The concept of alignment may have been popular among technology enthusiasts a decade ago, but many such initiatives failed to deliver the promised business value. At People, Ideas & Objects, we address business issues by enhancing productivity and performance through specialization and the division of labor, supported by automation. This approach can significantly impact the industry's performance if the internal conflicts within organizations are eliminated. The current structure of having two distinct organizations within one firm creates independent silos working against each other, and consolidation only entrenches and prolongs these issues.

NVIDIA will soon breach a $3 trillion valuation. Tesla doesn’t appear too far behind if I’m reading what their future may look like. What we can say today is that Information Technology is mature in terms of its offering. As an investment it’s behavior is similarly mature. There are more exciting and dynamic industries to be involved in. The value that is being generated remains spectacular and will continue to the foreseeable future. What we have in North American oil & gas is analogous to an individual who’s been living in a homeless shelter for a few decades. Scratching out a living between the free food and currency they can get their hands on. On the periphery there are a group of people who are doing quite well through their schemes and manipulations of those less fortunate. But outside of this dystopian landscape the industry has been there so long that no one expects anything of it. Clean energy, yeah sure why not. Consolidation, yeah why not. Name me one initiative in the industry that has worked in the 21st century. And don’t mention shale, a resource known to always be there, a resource that is only produced as a result of the innovations that the service industry developed in order to access those reserves. Innovations the producers fought the service industry for years before they even tried them. Just as People, Ideas & Objects fight them daily for the past decades to enhance their profitability. What galaxy are these officers and directors from?

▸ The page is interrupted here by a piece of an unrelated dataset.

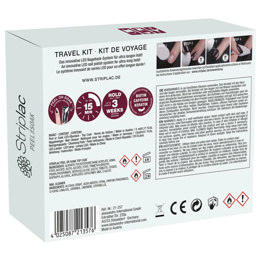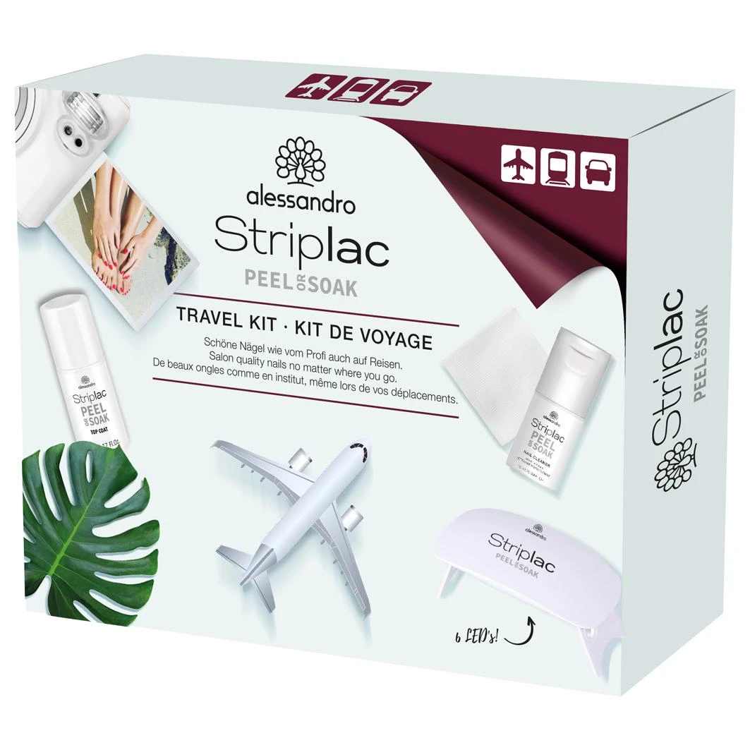 Zon vol zand op de zee – met perfect gestylede Striplac nagels wordt elke vakantiefoto een absolute blikvanger en met de Striplac Peel of Soak Travel Kit van alessandro heb je de perfecte tools! De meegeleverde mini-LED-lamp is de ideale basis voor een professionele manicure met de innovatieve Striplac Peel of Soak, die belooft tot 3 weken mee te gaan en op twee ongecompliceerde manieren weer kan worden verwijderd. De mini-reislamp kan eenvoudig worden aangesloten op een USB-interface en garandeert een optimale uitharding met 6 krachtige LED’s. De uitklapbare beugels zorgen voor een veilige stand en comfortabele bediening. Een Striplac Top Coat, een Striplac Cleaner en Spriplac Pads ronden de unieke set vakkundig af – nu heb je alleen nog je favoriete kleur nodig en de wereldreis met Striplac kan beginnen!

The future we envision is a highly competitive oil & gas industry thriving in North American capital markets. Consolidation, as a strategy, merely seeks to manage inefficiencies on a larger scale. In contrast, People, Ideas & Objects see immense potential in this industry. The path forward lies in embracing our Preliminary Specification, fostering a culture where the industry is dynamic, innovative, accountable and profitable. Leveraging specialization and automation to unlock the true value and competitiveness of North American oil & gas.